Harp & Altar
POETRY
Amaranth Borsuk is the author, with programmer Brad Bouse, of Between Page and Screen (Siglio Press, 2012), an augmented reality book of poems, and Handiwork (Slope Editions, 2012), winner of the 2012 Slope Book Prize. Abra, a book of conjoined poems written with Kate Durbin, is forthcoming from ZG Press. Her poems have recently appeared in Gulf Coast, CutBank, Colorado Review, SPECS, and The Destroyer. She has a Ph.D. in literature and creative writing from USC and is currently a Mellon Postdoctoral Fellow in the Humanities at MIT, where she works and teaches at the intersection of print and digital media.  

Tina Brown Celona is completing a Ph.D. in poetry at the University of Denver. She is the author of The Real Moon of Poetry and Other Poems (Fence Books, 2002) and Snip Snip! (Fence Books, 2006). Her poems have recently appeared in Action, Yes, Octopus and Colorado Review, and in the anthology Gurlesque: The New Grrly, Grotesque, Burlesque Poetics (Saturnalia, 2010).
 

Oisín Curran grew up in Maine and now lives in Montréal with his wife and son. His novel Mopus was published by Counterpath Press in 2008.
 

Kate Dougherty lives in Chicago, where she received an MFA from Columbia College and is currently studying library and information science at Dominican University. Recent poems appear in Fourteen Hills, Word For/Word, Handsome, and Bone Bouquet.
 

Farrah Field is the author of Rising (Four Way Books, 2009) and the chapbook Parents (Immaculate Disciples Press, 2011). Her work has recently appeared or is forthcoming in Sink Review, Sixth Finch, and Fou, and two of her poems were included in The Best American Poetry 2011. She lives in Brooklyn, where she co-hosts the event series Yardmeter Editions and is co-owner of Berl’s Brooklyn Poetry Shop. Her second book of poetry is forthcoming from Four Way in 2012.  

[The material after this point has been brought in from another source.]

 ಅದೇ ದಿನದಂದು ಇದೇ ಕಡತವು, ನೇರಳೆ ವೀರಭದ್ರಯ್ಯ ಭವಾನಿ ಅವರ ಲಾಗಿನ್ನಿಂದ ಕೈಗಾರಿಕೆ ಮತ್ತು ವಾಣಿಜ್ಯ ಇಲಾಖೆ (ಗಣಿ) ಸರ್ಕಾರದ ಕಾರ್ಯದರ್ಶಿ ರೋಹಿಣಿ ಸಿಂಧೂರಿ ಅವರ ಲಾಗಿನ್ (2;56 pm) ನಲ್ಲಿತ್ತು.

Kevin Holden is the author of two chapbooks, Alpine (White Queen) and Identity (Cannibal Books). His work has been published in many magazines and journals, and is forthcoming in the anthology The Arcadia Project from Ahsahta Press. He also translates poetry from Russian and French.  

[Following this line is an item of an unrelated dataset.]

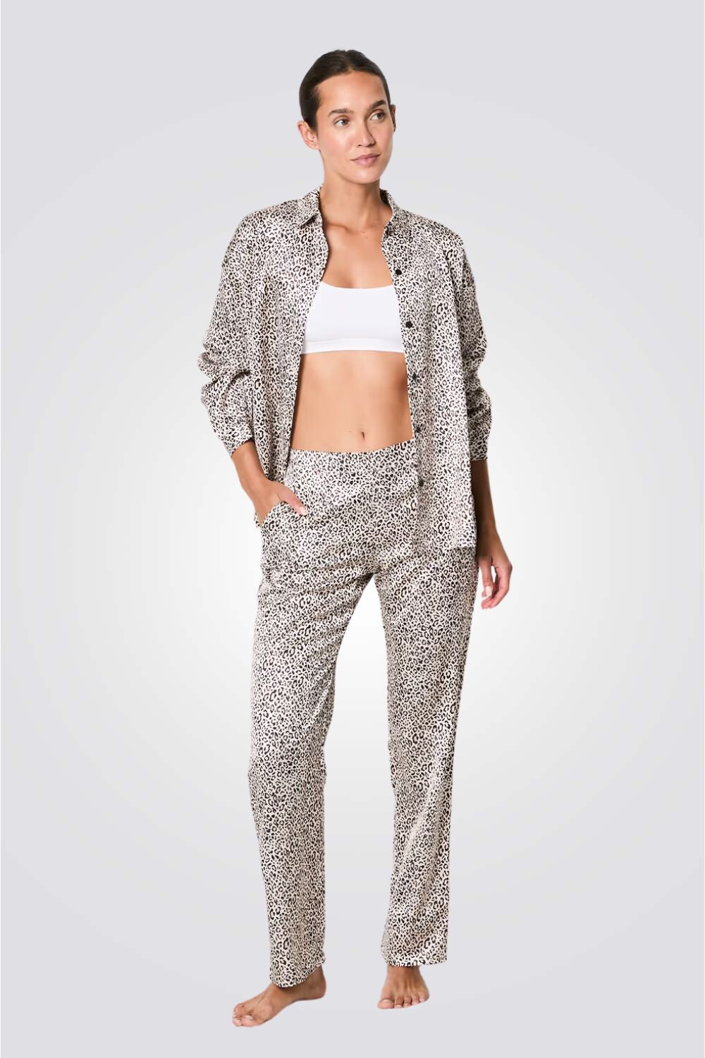 מכנסי פיג'מה ארוכים BEO בהדפס מנומר אפור

Gregory Howard has published work in Birkensnake, Tarpaulin Sky, elimae, and Hotel St. George, among others. He is an assistant professor of English and creative writing at the University of Maine.  

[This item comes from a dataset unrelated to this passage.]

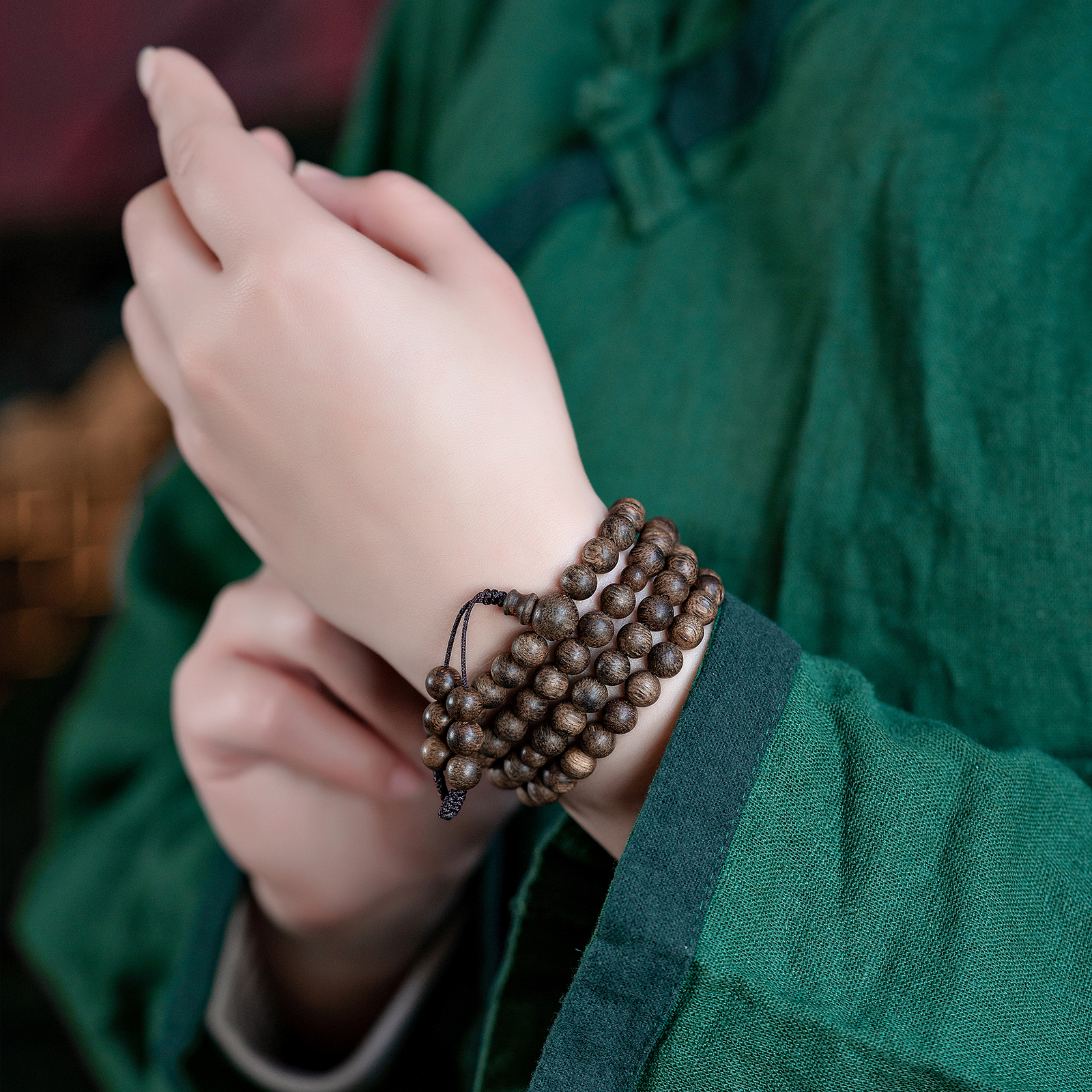 天然印尼达拉干沉香手串108颗佛珠保真沉水级老料木质文玩手链6mm

Paul Killebrew was born and raised in Nashville, Tennessee. He is the author of Flowers (Canarium 2010), and he currently resides in Louisiana, where he is a staff attorney at Innocence Project New Orleans.  

Noelle Kocot is the author of five collections of poetry, including Poem for the End of Time and Other Poems (Wave, 2006), Sunny Wednesday (Wave, 2009) and The Bigger World (Wave, 2011); the discography Damon’s Room (Wave, 2010); and a book of translations, Poet by Defaut (Wave, 2011), of the French poet Tristan Corbière. She has received awards from numerous organizations, including the National Endowment for the Arts, the Fund for Poetry, the American Poetry Review, and the Academy of American Poets. Born and raised in Brooklyn, she now lives in New Jersey and teaches writing in New York.
 

Dan Magers’s first book of poems, Partyknife, will be published in 2012 by Birds, LLC. He is co-founder and co-editor of Sink Review, an online poetry journal, as well as founder and editor of Immaculate Disciples Press, a handmade chapbook press focused on poetry and visual arts collaborations. He lives in Brooklyn.  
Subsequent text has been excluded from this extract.